Yes, I’m lying, but the New York Fed’s promised analysis of five-year and six-year college degrees calls the college premium into question, not that the authors understand why. They calculate that adding a fifth or even a sixth year of college costs workers ~$65,000 or ~$130,000 over their lifetimes, respectively. Thus, I wonder, “Why not graduate in just three years then to get on that wage-premium track earlier?” Maybe people could do it in two, or one, or just say they went to college even if they didn’t. It reminds me of the “seven-minute abs” scene from There’s Something About Mary, which for some reason YouTube doesn’t have a clean copy of. Feel free to explore on your own, but if you disagree with the zero-year bachelor’s degree, then you’re dreaming about Gorgonzola cheese when it’s clearly Bree time, baby.

The lesson is: Never reason from a college premium, which apparently even college graduates can’t figure out.

The more entertaining adventure is the New York Fed’s subsequent post in which it dares to question if a world outside the average college graduate exists. It’s titled, “College May Not Pay Off for Everyone.” Heretical, I know.

Here’s the authors’ chart, which unlike any research I’ve been able to do, goes back to the 1970s.

I guess The Graduate was art imitating life after all…

I’ve just received word that the authors’ security clearance has been revoked.

Don’t worry, though, they hedged themselves:

While we can’t be sure that the wages of this group wouldn’t have been lower if they had never gone to college, this pattern strongly suggests that the economic benefit of a college education is relatively small for at least a quarter of those graduating with a bachelor’s degree.

Yeah, in college-premium land it’s obvious that those grads are so stupid that if they hadn’t gone to college they would’ve been unemployed—and if they hadn’t finished high school, they would’ve sold themselves into slavery.

The obvious thing to ask is what kind of occupations these workers are in. If they aren’t in positions that require much college education, then that might imply that too many people go to college, that many college grads in highish-paying jobs benefit more from the signal their degree sends than the human capital developed through coursework, that the public is filled with endless garbage about the need for more college graduates (often at the behest of student lenders), and that a lot of these low-earners who have significant student loan debts will be unable to repay them, possibly culminating in a government write-down in the future.

Or they could just be really stupid and college qualifies them to be retail salespersons.
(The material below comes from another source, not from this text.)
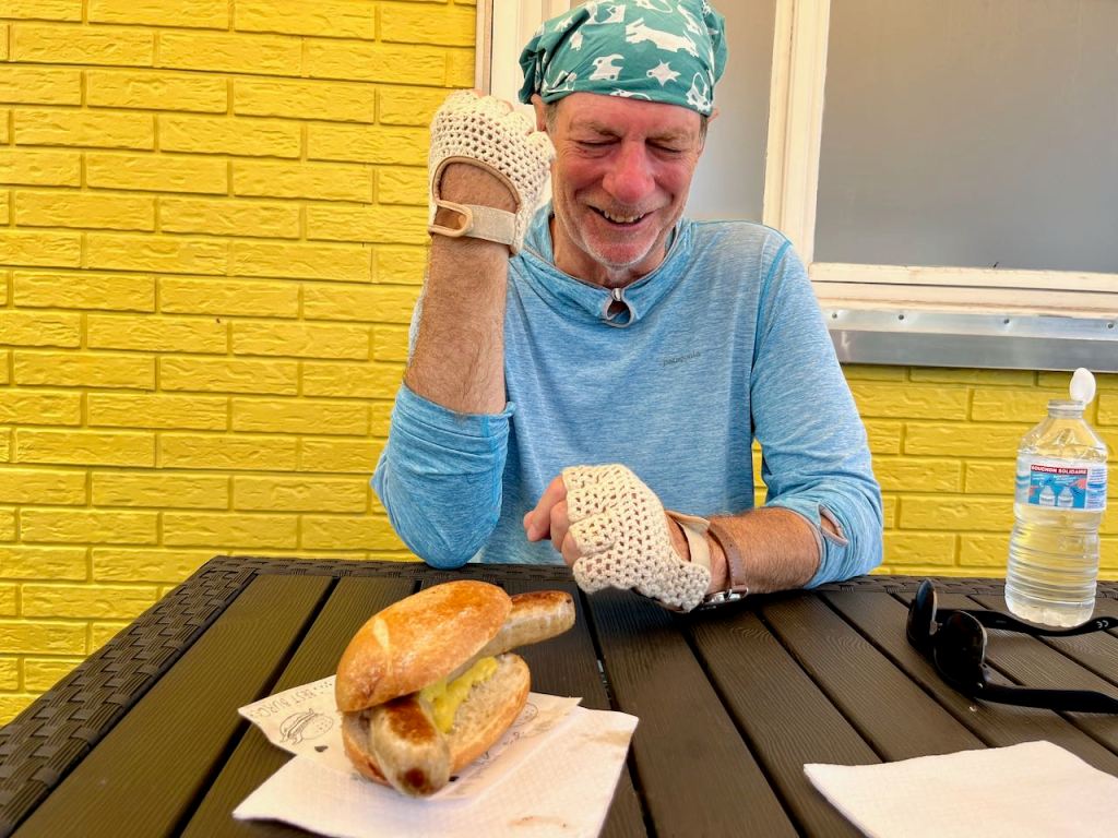 Farther on we found a gas station that did have ice cream bars. I struggled to find a piece of shade. The only place to sit was the curb.

And you shouldn’t worry, all those stories are just scaremongering and you should trust your east-coast media elite.

4 comments

  1. Under the “human capital” theory it makes no sense that those who take 5-6 years to earn a degree should earn substantially less over time than those who earned it in 4. They should still have the same skills and knowledge right?

    Okay so maybe they are just a bit less talented and motivated, so are less able to take advantage of those skills? This would be a factor in some cases. However the main reason may be that their credential is perceived as being lower value by employers. It signals to employers that they are less desirable.

    Employers don’t care what the reasons are – when they are swamped with resumes they need some method to winnow down the list of applicants, and automatically rejecting anyone who has taken 6 years instead of 4 to get a degree is as good as any.

    1. Under human capital, “late” graduates should have more skills and knowledge than four-year grads, so they should be more productive and hence earn more. This is the self-evident contradiction in the Fed authors’ posts. If the number of years matters, as they think they believe, then staying in school until you’re 64 should result in one year of multimillion-dollar earnings. (Seriously, human capital waves away diminishing marginal returns to education.) If the number of years doesn’t matter, and we’re just talking about the milestone of obtaining the degree, which the authors argue in this post, then you’re plausibly correct. The problem is, the authors can’t hold both hypotheses to be true simultaneously.

      Or maybe that’s why they’re paid the big bucks to work a block away from Wall Street.